(Records excerpted from a collection)
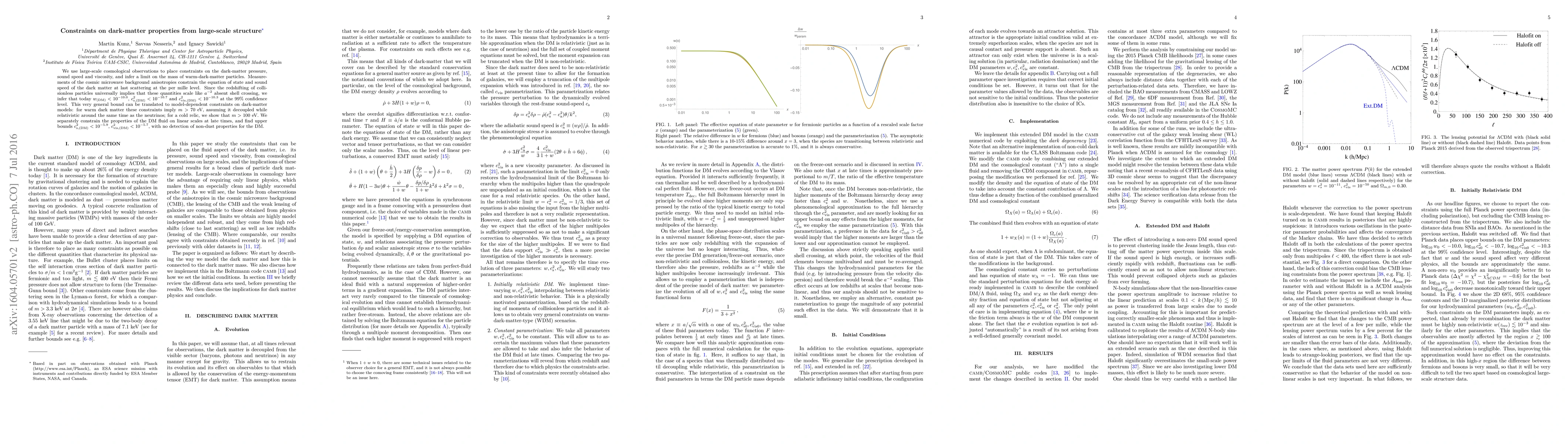 This paper uses large-scale cosmological observations to constrain dark-matter properties, finding $w_{\rm (DM)}< 10^{-10.0}$, $c_{\rm s,(DM)}^2 < 10^{-10.7}$, and $c_{\rm vis, (DM)}^{2} < 10^{-10.3}$ at the 99% confidence level, implying $m> 70$ eV for warm dark matter and $m>100$ eV for cold dark matter.
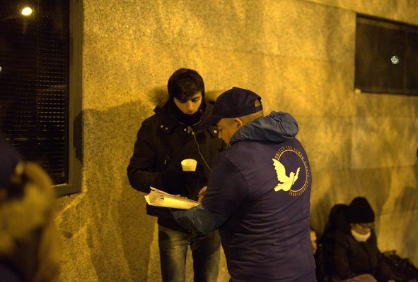 Volunteers from the Madrid chapter of United for Human Rights, the human rights initiative the Church supports, reached out to refugees at the immigration office in Madrid to inform them about the 30 articles of the UDHR. They were joined by members of Asociación FOARE, a nonprofit organization that helps orient, train and provide assistance to refugees and immigrants.
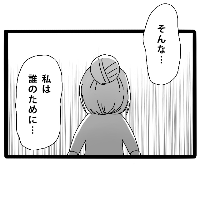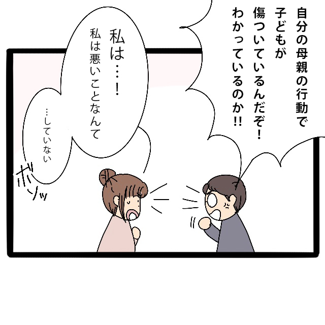 「自分の母親の行動で子どもが傷ついているんだぞ!わかっているのか!」いつもの穏やかな雰囲気とは打って変わって、感情的に声を荒らげる夫。自分のしたことが悪いとはどうしても思えず、「私は・・・!私は悪いことなんて・・・してない」と必死に言葉を返します。
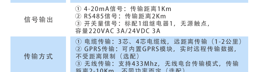 ①4-20mA信號(hào):傳輸距離1Km ②RS485信號(hào):傳輸距離2Km |
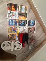📦 inhoud pakket: • nintendo wii console (met alle kabels en sensorbalk) • 2 originele wii-afstandsbedieningen (zwart & rood) • 2 stuurwielen voor racegames • 2 pistool
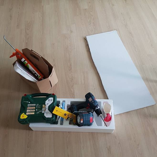 ※ 준비물 : 나무판자 또는 목각, 석고판, 실리콘, 전동드릴, 천장 도배지
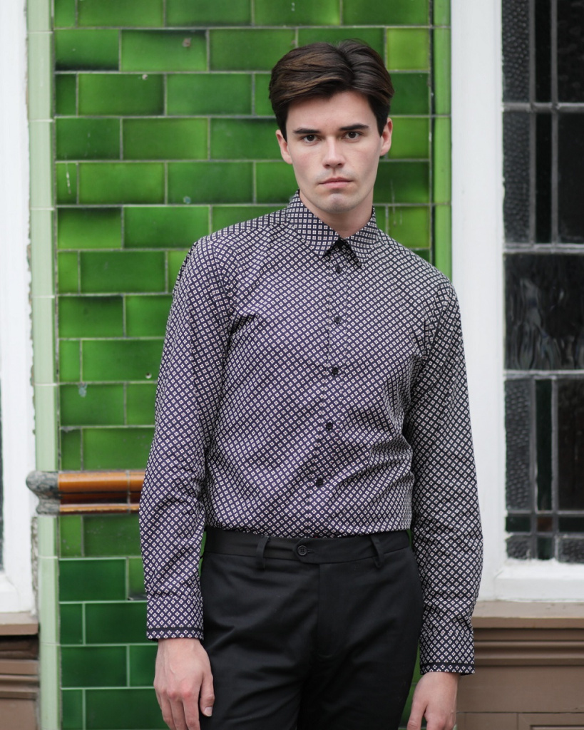 Узоры, изображающие правильные геометрические формы, будь то треугольник, объемный кристалл или квадраты, – отсылка к модернистскому стилю эпохи 60-х и его сегодняшнему прочтению в духе современного ретро. Такие рубашки хорошо приживаются в большом разнообразии луков, легко комбинируясь со стеганой укороченной курткой, саржевым пальто, чиносами, а также предметами более официального гардероба.
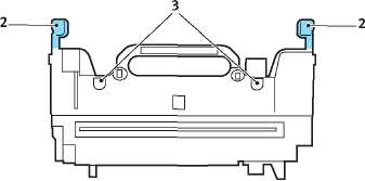 Переместите два удерживающих рычага (2) в направлении тыльной части принтера для фиксации печки на месте.
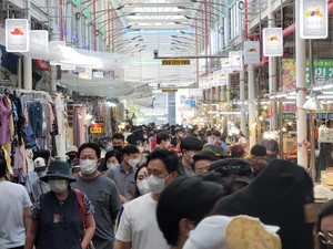 추석연휴인 2일 제주시민속 오일장에서 도민들이 마스크를 착용한 상태로 장을 보고 있다.
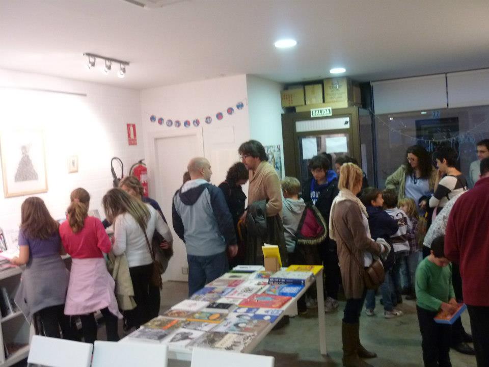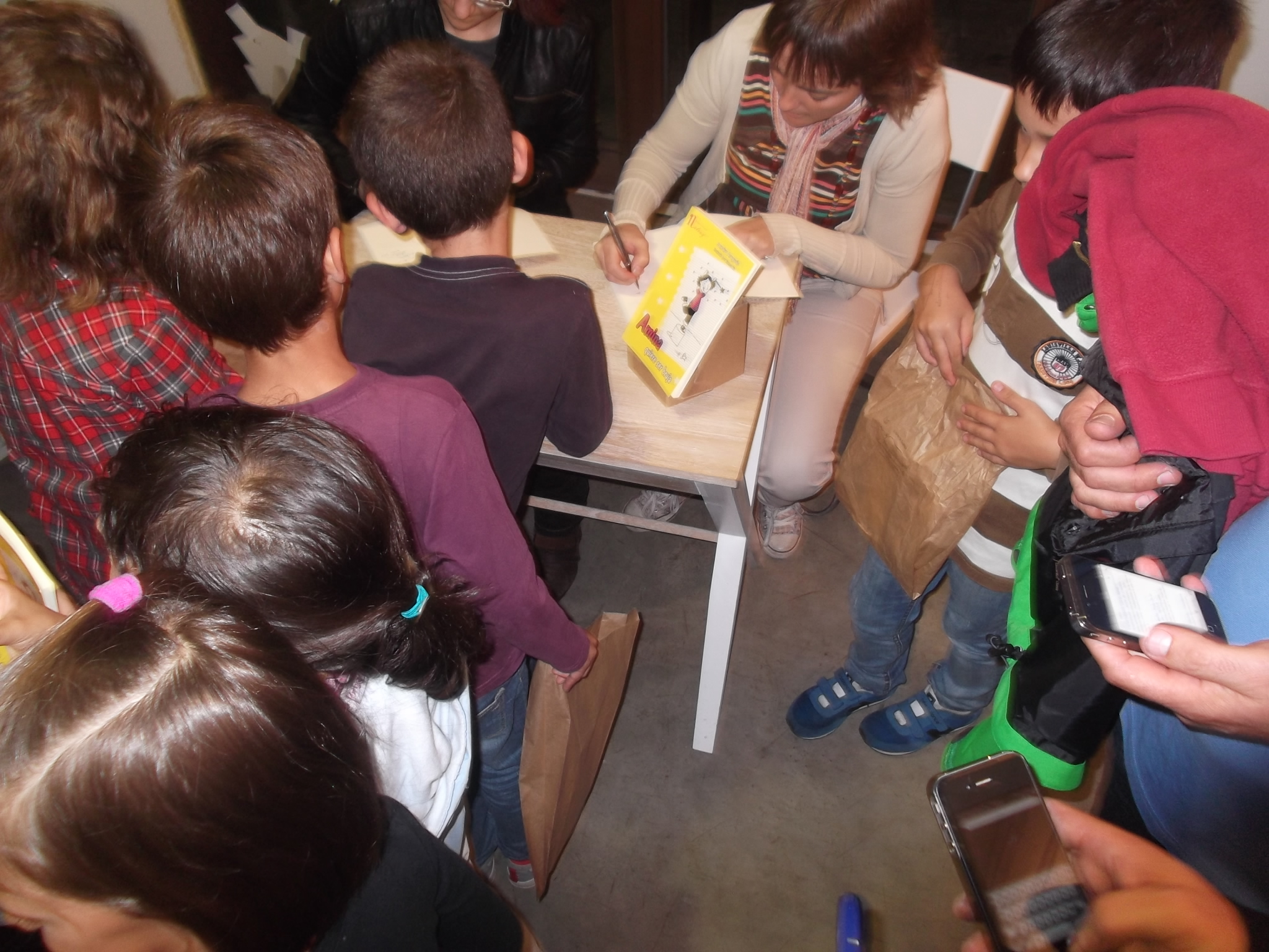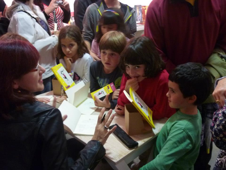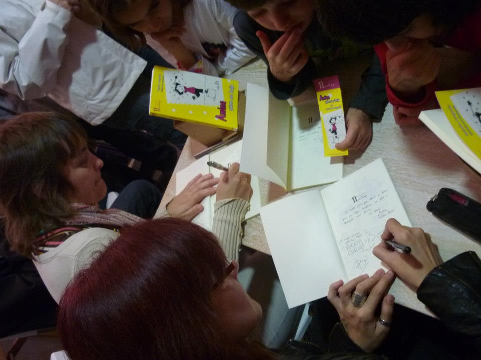 Al acabar, marabunta de libros para firmar.  Se nos acumulaba la faena.
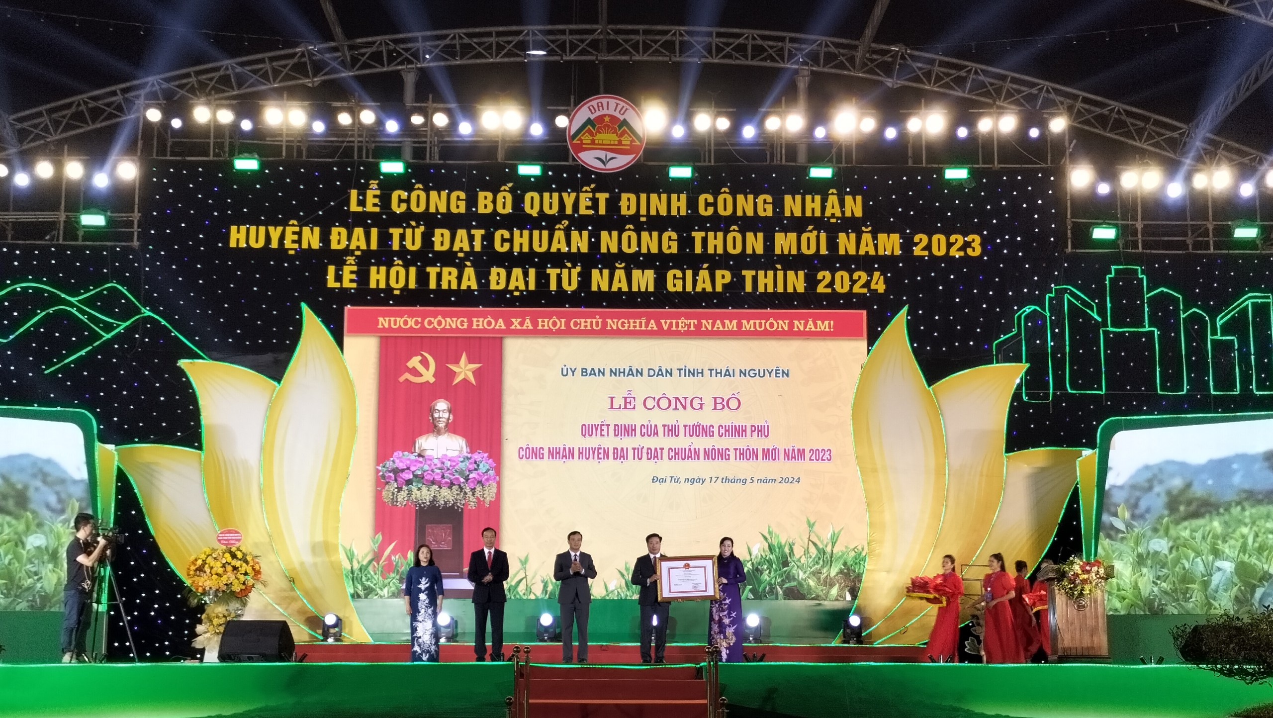 Tối 17/5, tại Quảng trường 27/7, thị trấn Hùng Sơn, huyện Đại Từ, Huyện uỷ, Hội đồng Nhân dân, Uỷ ban Nhân dân huyện Đại Từ đã long trọng tổ chức công bố Quyết định huyện Đại Từ đạt chuẩn Nông thôn mới năm 2023 và Lễ hội Trà Đại Từ năm Giáp Thìn 2024.

▶ YOUR ASSIGNMENT:
Reproduce the data above word for word from its first line through the line that holds "Переместите два удерживающих", both ends included; skip pictures.

▶ TASK ANSWER:
 This paper uses large-scale cosmological observations to constrain dark-matter properties, finding $w_{\rm (DM)}< 10^{-10.0}$, $c_{\rm s,(DM)}^2 < 10^{-10.7}$, and $c_{\rm vis, (DM)}^{2} < 10^{-10.3}$ at the 99% confidence level, implying $m> 70$ eV for warm dark matter and $m>100$ eV for cold dark matter.
 Volunteers from the Madrid chapter of United for Human Rights, the human rights initiative the Church supports, reached out to refugees at the immigration office in Madrid to inform them about the 30 articles of the UDHR. They were joined by members of Asociación FOARE, a nonprofit organization that helps orient, train and provide assistance to refugees and immigrants.
 「自分の母親の行動で子どもが傷ついているんだぞ!わかっているのか!」いつもの穏やかな雰囲気とは打って変わって、感情的に声を荒らげる夫。自分のしたことが悪いとはどうしても思えず、「私は・・・!私は悪いことなんて・・・してない」と必死に言葉を返します。
 ①4-20mA信號(hào):傳輸距離1Km ②RS485信號(hào):傳輸距離2Km |
📦 inhoud pakket: • nintendo wii console (met alle kabels en sensorbalk) • 2 originele wii-afstandsbedieningen (zwart & rood) • 2 stuurwielen voor racegames • 2 pistool
 ※ 준비물 : 나무판자 또는 목각, 석고판, 실리콘, 전동드릴, 천장 도배지
 Узоры, изображающие правильные геометрические формы, будь то треугольник, объемный кристалл или квадраты, – отсылка к модернистскому стилю эпохи 60-х и его сегодняшнему прочтению в духе современного ретро. Такие рубашки хорошо приживаются в большом разнообразии луков, легко комбинируясь со стеганой укороченной курткой, саржевым пальто, чиносами, а также предметами более официального гардероба.
 Переместите два удерживающих рычага (2) в направлении тыльной части принтера для фиксации печки на месте.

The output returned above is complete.